Start of INFORMATION SUPPLIED

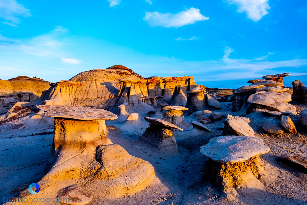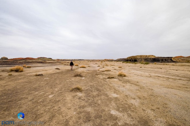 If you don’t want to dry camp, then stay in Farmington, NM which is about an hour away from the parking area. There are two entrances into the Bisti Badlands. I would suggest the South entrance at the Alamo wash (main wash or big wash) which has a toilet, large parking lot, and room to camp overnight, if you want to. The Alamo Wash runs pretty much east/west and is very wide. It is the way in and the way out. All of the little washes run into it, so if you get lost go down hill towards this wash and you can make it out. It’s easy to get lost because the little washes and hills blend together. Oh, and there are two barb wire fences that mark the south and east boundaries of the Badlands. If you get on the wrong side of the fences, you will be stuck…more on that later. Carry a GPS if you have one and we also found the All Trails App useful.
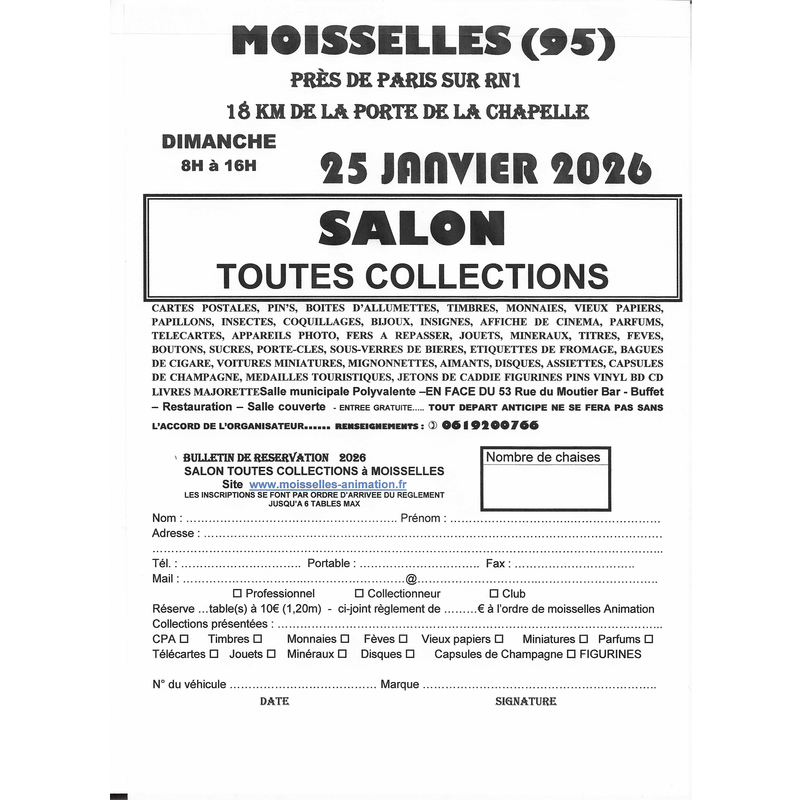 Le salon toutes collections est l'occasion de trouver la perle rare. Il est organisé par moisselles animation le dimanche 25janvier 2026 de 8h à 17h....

End of INFORMATION SUPPLIED
Start of INFORMATION SUPPLIED

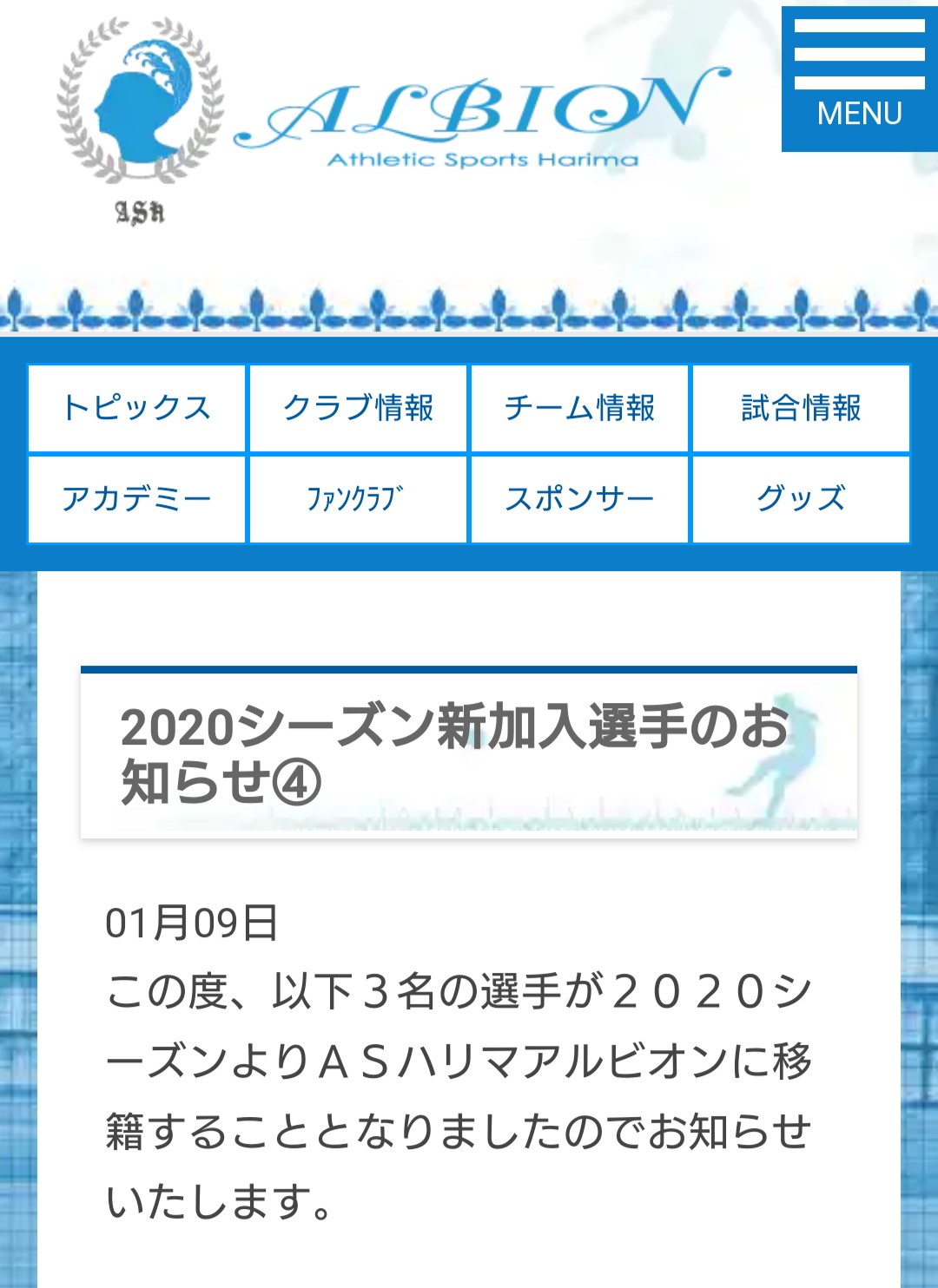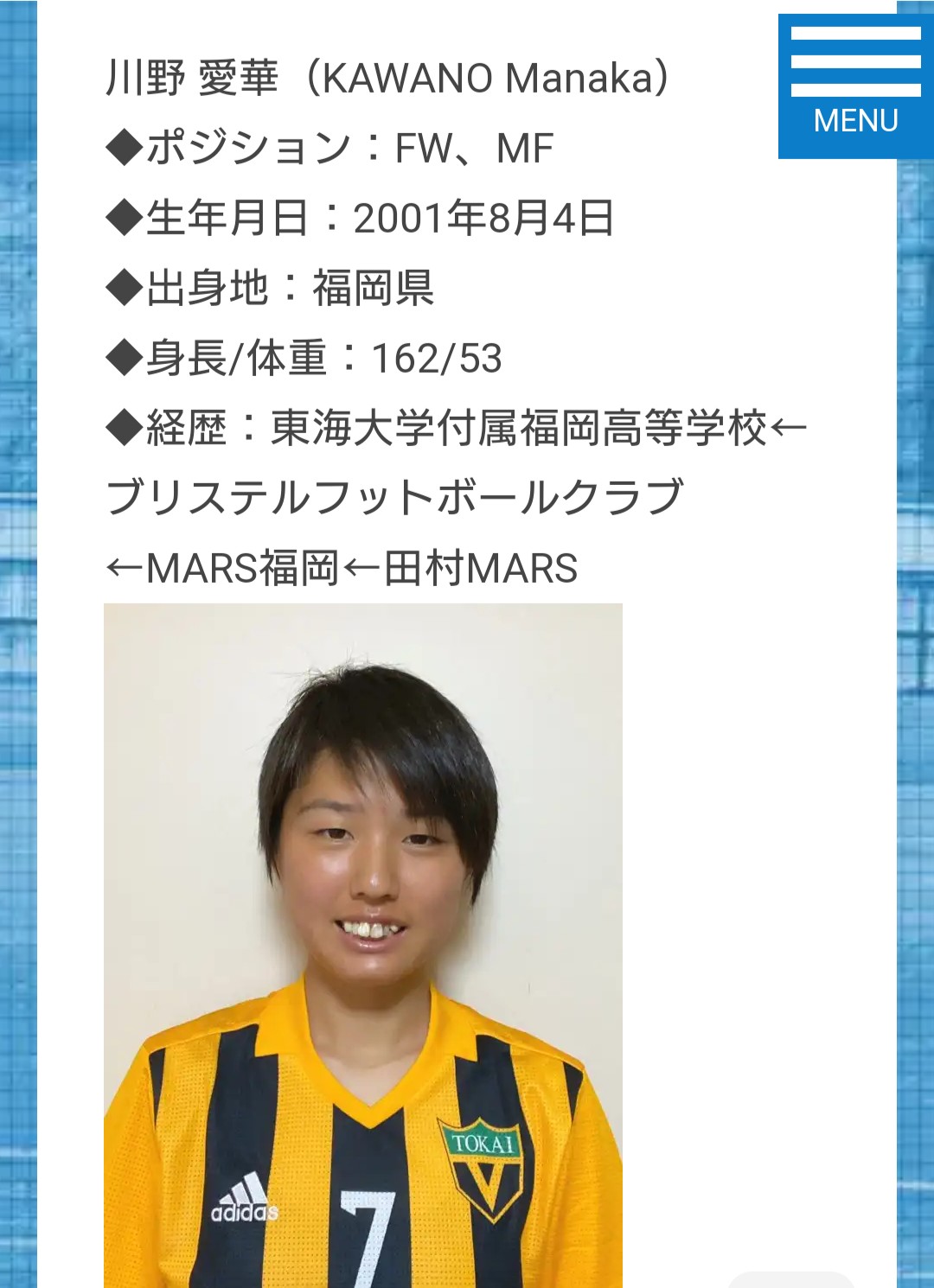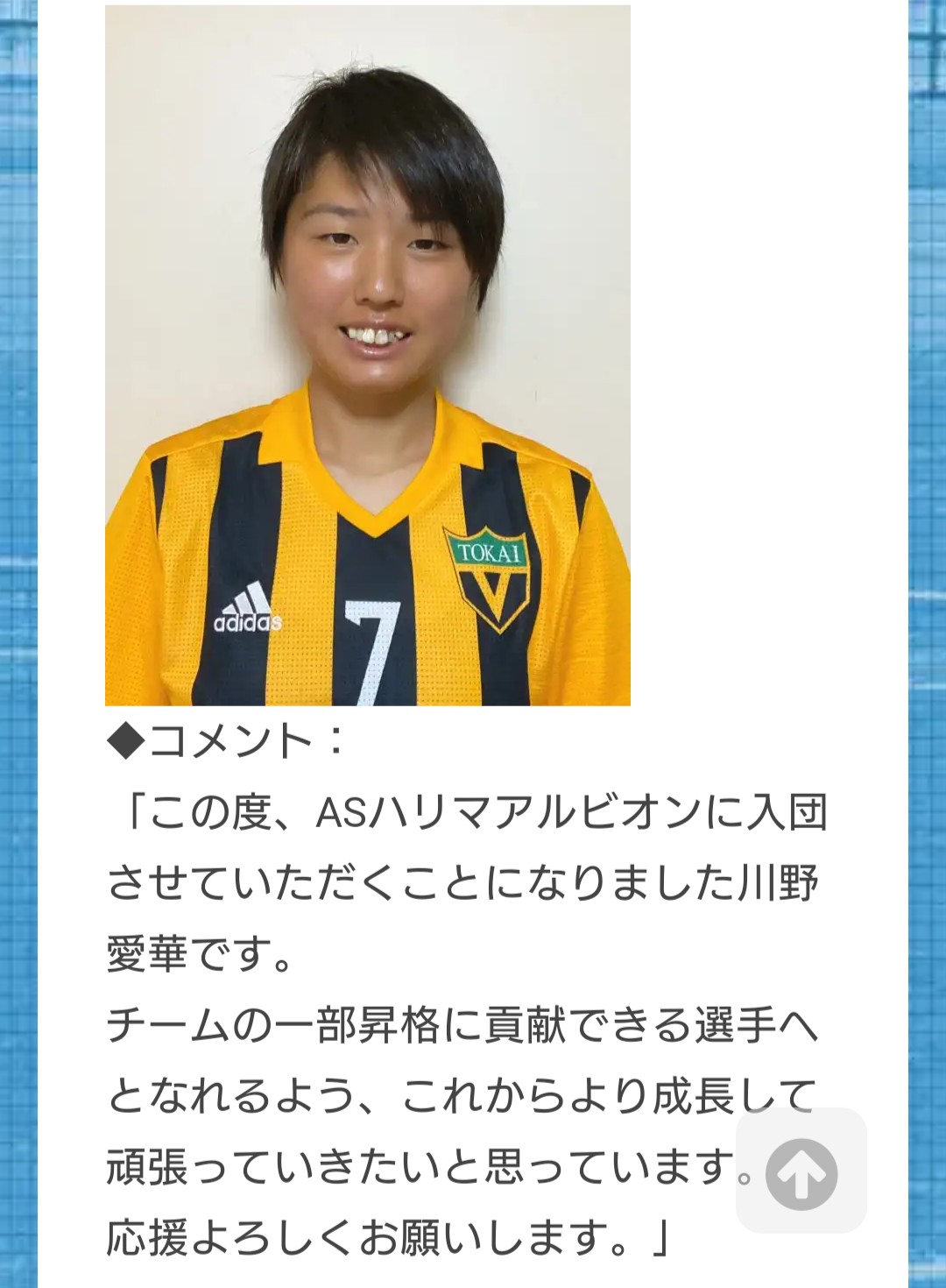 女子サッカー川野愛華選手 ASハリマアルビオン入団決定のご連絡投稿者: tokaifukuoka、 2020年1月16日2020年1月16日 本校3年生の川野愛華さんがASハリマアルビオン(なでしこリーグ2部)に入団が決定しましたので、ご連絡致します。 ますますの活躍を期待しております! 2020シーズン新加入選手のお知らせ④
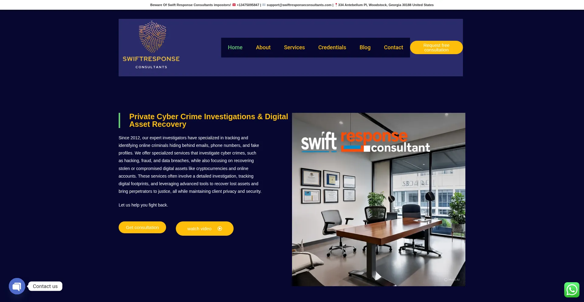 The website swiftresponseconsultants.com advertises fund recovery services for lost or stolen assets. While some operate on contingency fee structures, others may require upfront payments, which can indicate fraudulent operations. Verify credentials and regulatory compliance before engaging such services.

End of INFORMATION SUPPLIED

**ACTIVITY:** Each line above that falls between the line with "If you don’t" and the line with "Le salon toutes" should be printed exactly, together with those two lines, but the pictures should not.

**WRITTEN RESPONSE:**
 If you don’t want to dry camp, then stay in Farmington, NM which is about an hour away from the parking area. There are two entrances into the Bisti Badlands. I would suggest the South entrance at the Alamo wash (main wash or big wash) which has a toilet, large parking lot, and room to camp overnight, if you want to. The Alamo Wash runs pretty much east/west and is very wide. It is the way in and the way out. All of the little washes run into it, so if you get lost go down hill towards this wash and you can make it out. It’s easy to get lost because the little washes and hills blend together. Oh, and there are two barb wire fences that mark the south and east boundaries of the Badlands. If you get on the wrong side of the fences, you will be stuck…more on that later. Carry a GPS if you have one and we also found the All Trails App useful.
 Le salon toutes collections est l'occasion de trouver la perle rare. Il est organisé par moisselles animation le dimanche 25janvier 2026 de 8h à 17h....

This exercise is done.